17. The implant of claim 16, wherein said postsurgical pressure is
sufficient to at least approximately restore natural function of
said intervertebral disc.
18. The implant of claim 16, wherein said postsurgical pressure is
sufficient to at least approximately restore natural intervertebral
spacing.
19. The implant of claim 16, wherein said biocompatible material is
pressurized to a pressure approximating natural pressure of the
nucleus pulposus.
20. The implant of claim 16, wherein said biocompatible material
has a compressional modulus not greater than about 4 Mpa.

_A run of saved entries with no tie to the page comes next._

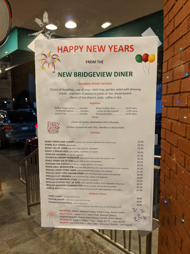 The food and service are always satisfying and the atmosphere is pleasant! The menu has a wide variety of appetizers, entrees and desserts to choose from. The Lunch and Dinner Specials are very reasonably priced and the portions are very generous. The Bridgeview also has a separate room for private parties and a gigantic parking lot which is very hard to find in Bay Ridge restaurants. We have introduced the Bridgeview to many people from out of town and locally. So far, everyone was impressed with the polite staff, delicious food and friendly atmosphere!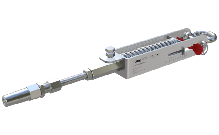 Med denne endefastgørelse af rustfrit stål til wiresikringssystemer af typen ABS-Lock SYS (6 und 8 mm) udligner du varmeudvidelser. Spændeelementer fremstillet af V4A-stål har en fjederforspænding og er optaget i de generele byggetilsyns tilladelser fra DIBt.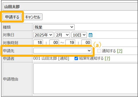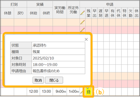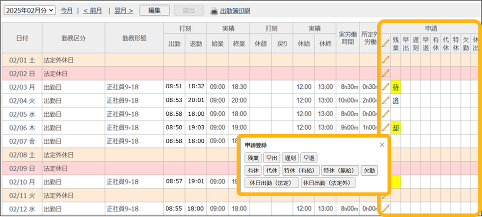 ②申請欄のえんぴつマークまたは、黄色のマスをクリック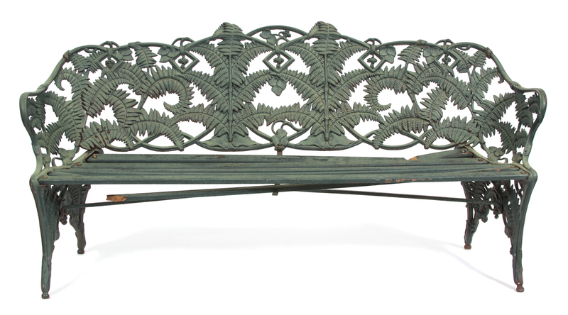 A Painted Cast Iron Fern Pattern Bench
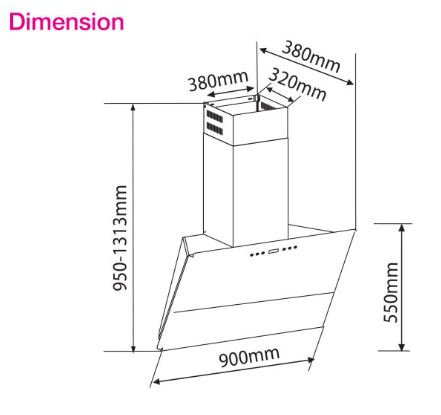 - Recommended installation height from electric hob: 300mm ~ 450mm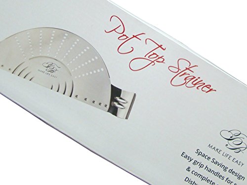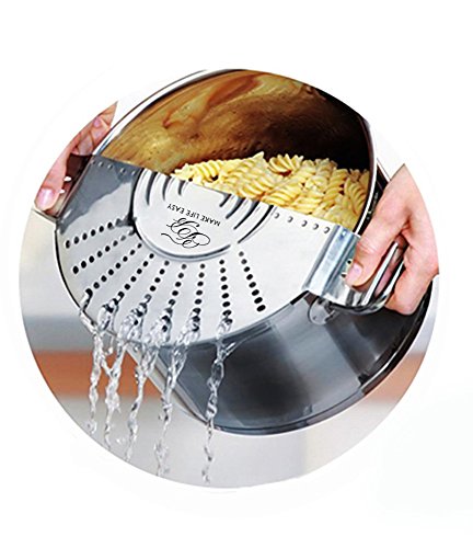 TB Make Life Easy Pot Top Strainer - Stainless Steel Sieve, Smart Design Colander Lid Prevents Hot Water Spills On User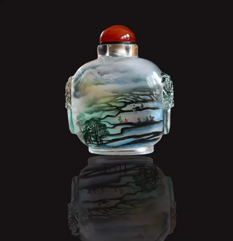 内画出现于清代,是我国特有的传统工艺,素以“寸幅之地具千里之势”著称,起源于画鼻烟壶,它是以特制的细笔,伸入玻璃、水晶、琥珀等材质的壶内反向作画。现代内画技艺有京、冀、鲁、粤、秦等流派。内画流派主要是从地域上区分,技艺并没有多大差别。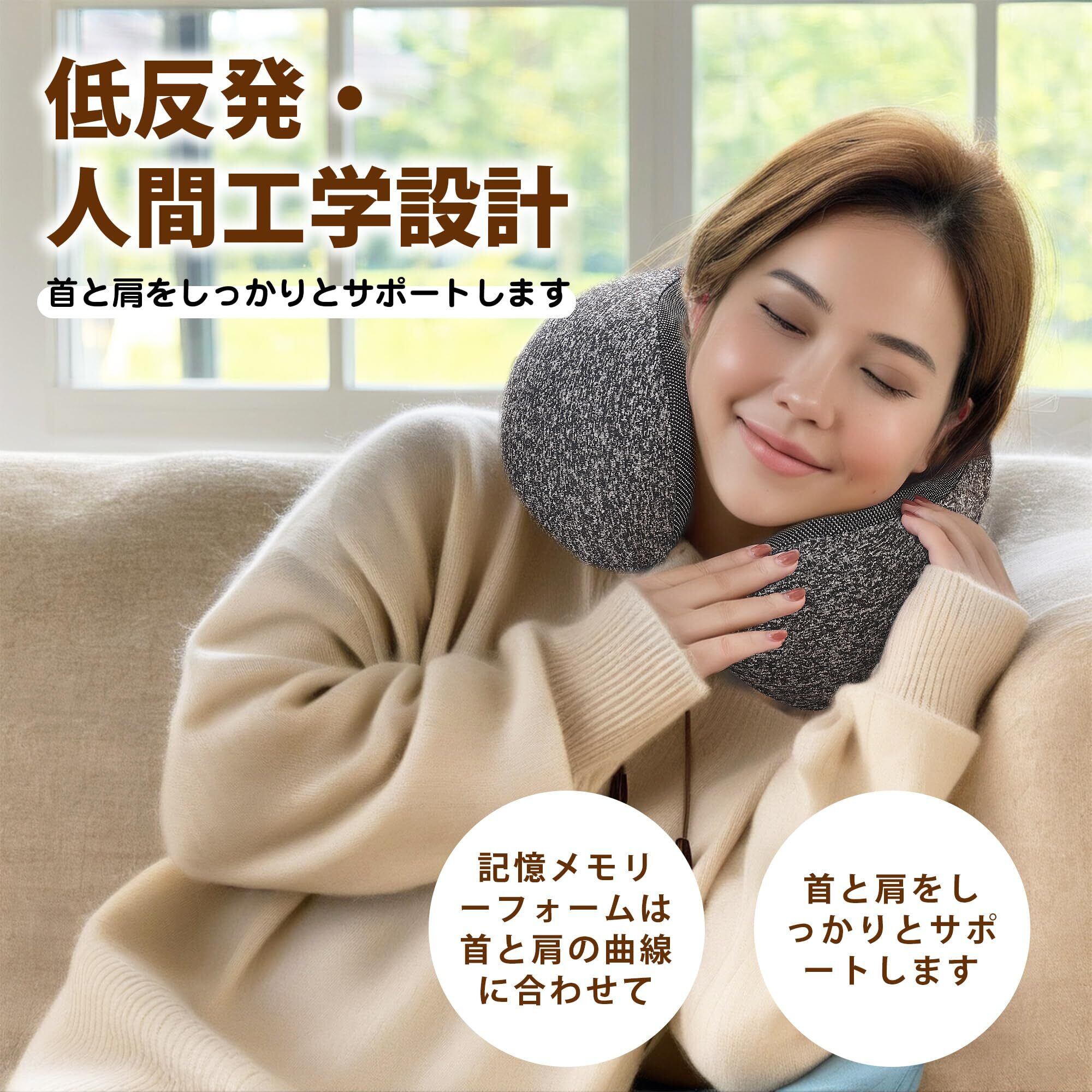 【低反発・人間工学設計】記憶メモリーフォームは首と肩の曲線に合わせて自然に調整され、圧力を軽減し、リラックスと休息をサポートします。人間工学に基づいたU字型デザインで、首と肩をしっかりとサポートします。安定感が抜群で、長時間の座位や仰向けの姿勢でも肩や首への負担を軽減し、疲れにくく、リラックスした状態を保ちます。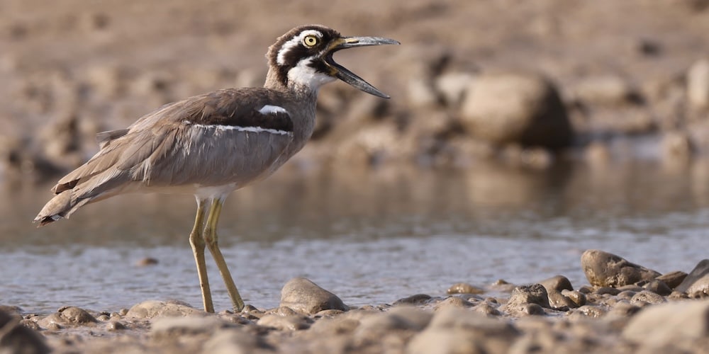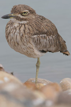 They are medium to large birds with strong black or yellow black bills, large yellow eyes, which can give them a reptilian appearance, and cryptic plumage. The names thick-knee and stone-curlew are both in common use, the preference among authorities for one term or the other varying from year to year. The term stone-curlew owes its origin to the broad similarities with true curlews (which are not closely related). They get their alternative name of thick-knee from the swollen ‘knee’ joint (which, as in all birds, is actually more akin to an ankle joint) on their long yellow or greenish legs. It apparently originated with a name coined in 1776 for Burhinus oedicnemus, the Eurasian stone-curlew. Obviously, the ankle (heel) and the knee were anatomically confused.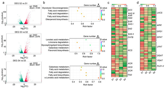 Identification and KEGG analysis of differentially expressed mRNAs (DEGs). (a) Identified DEGs in S2 vs. S1, S3 vs. S2, and S4 vs. S3. (b) KEGG pathway analysis of the DEGs in the context of FA and TAG biosynthesis. (c) Heatmap of the expression levels of DEGs in the FA biosynthesis pathway. (d) Heatmap of the expression levels of DEGs in the TAG biosynthesis pathway.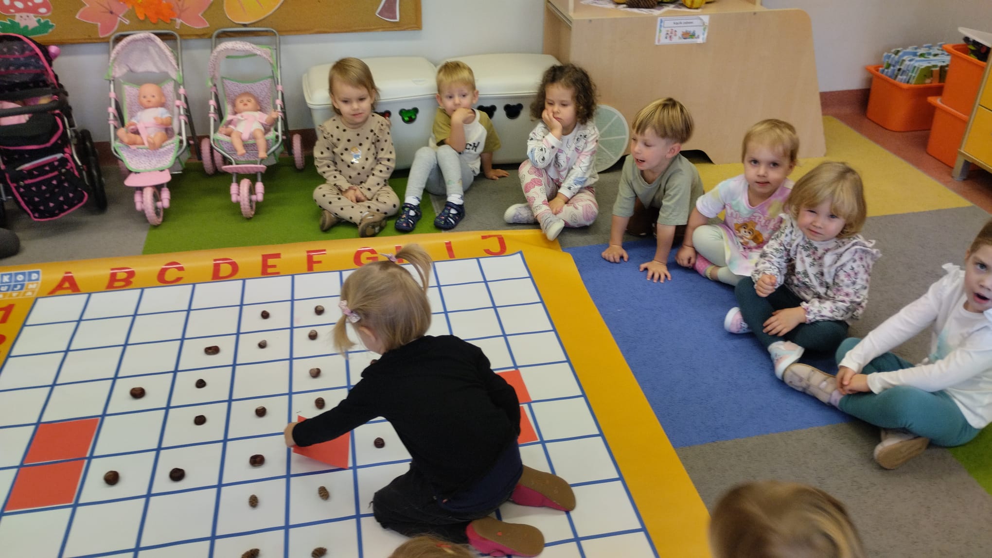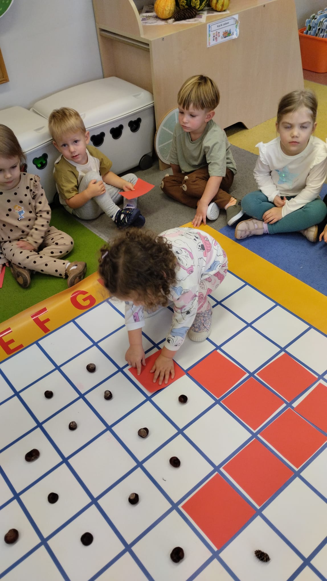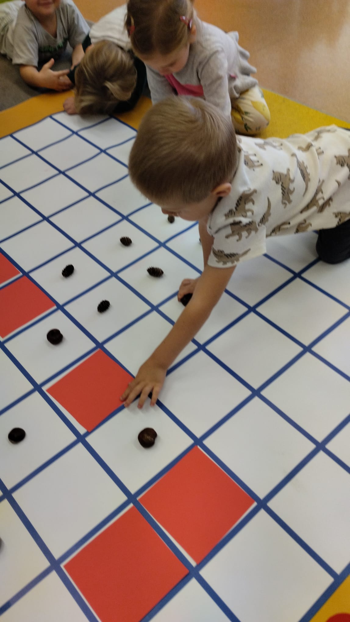 Maluszki z grupy IX z dużą przyjemnością wzięły po raz pierwszy udział w kodowaniu na dywanie. Wykorzystując specjalną matę ruszyły na kodowane „grzybobranie”… Ćwiczyły spostrzegawczość zastępując materiał przyrodniczy kartonikiem w odpowiednim kolorze.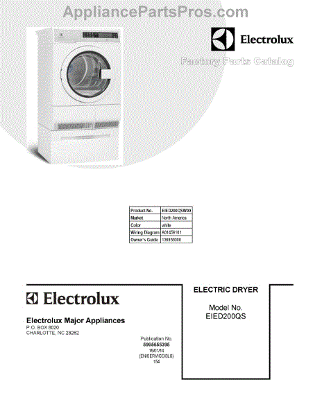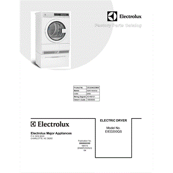 Parts for Electrolux EIED200QSW00: 01 - Cover Sheet Parts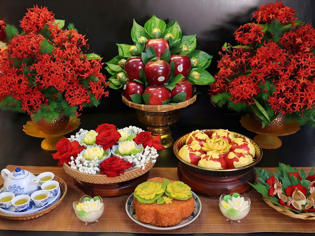 Mâm cúng được chuẩn bị với tất cả tâm huyết và sự chu đáo, không chỉ là sự đầy đủ các lễ vật mà còn chứa đựng ước nguyện chân thành về một khởi đầu mới tràn đầy hy vọng.

21. The implant of claim 16, wherein said biocompatible material
has a Poisson ratio in a range of from about 0.30 to 0.50.
22. The implant of claim 26, wherein said biocompatible material is
a hydrogel.
23. The implant of claim 22, wherein said hydrogel is a comprised
of a material selected from the group consisting of poly(vinyl
alcohol) and an associating hydrogel that is a blend of poly(vinyl
alcohol) and poly(vinylpyrrollidone).
24. The implant of claim 16, wherein said biocompatible material is
selected from the group consisting of a polyurethane and a
silicone.
25. The implant of claim 16 additionally comprising a predetermined
quantity of a generally incompressible material positioned in said
channel between said implanted material and said plug.
26. The implant of claim 25 wherein said generally incompressible
material is selected from the group consisting of bone cement, an
autograft, an allograft, and a xenograft.
27. The implant of claim 16 wherein said plug is selected from the
group consisting of a bone screw and a barbed plug.
28. A restorative implant for an intervertebral disc implanted by
the method of claim 1.
Description
CROSS-REFERENCE TO RELATED APPLICATION
[0001] This application claims the benefit of U.S. Provisional
Patent Application No. 60/591,094, filed Jul. 27, 2004, the entire
disclosure of which is incorporated herein by reference.
BACKGROUND OF THE INVENTION
[0002] 1. Field of the Invention
[0003] The present invention relates to methods and apparatus for
replacing or supplementing the natural nucleus pulposus of an
intervertebral disc by using a viscoelastic low-modulus implant
through a transosseus approach, and more particularly to methods
and apparatus for pressurizing a viscoelastic implant within the
intervertebral disc to achieve an appropriate physiologic state of
annulus tension and nucleus pressurization.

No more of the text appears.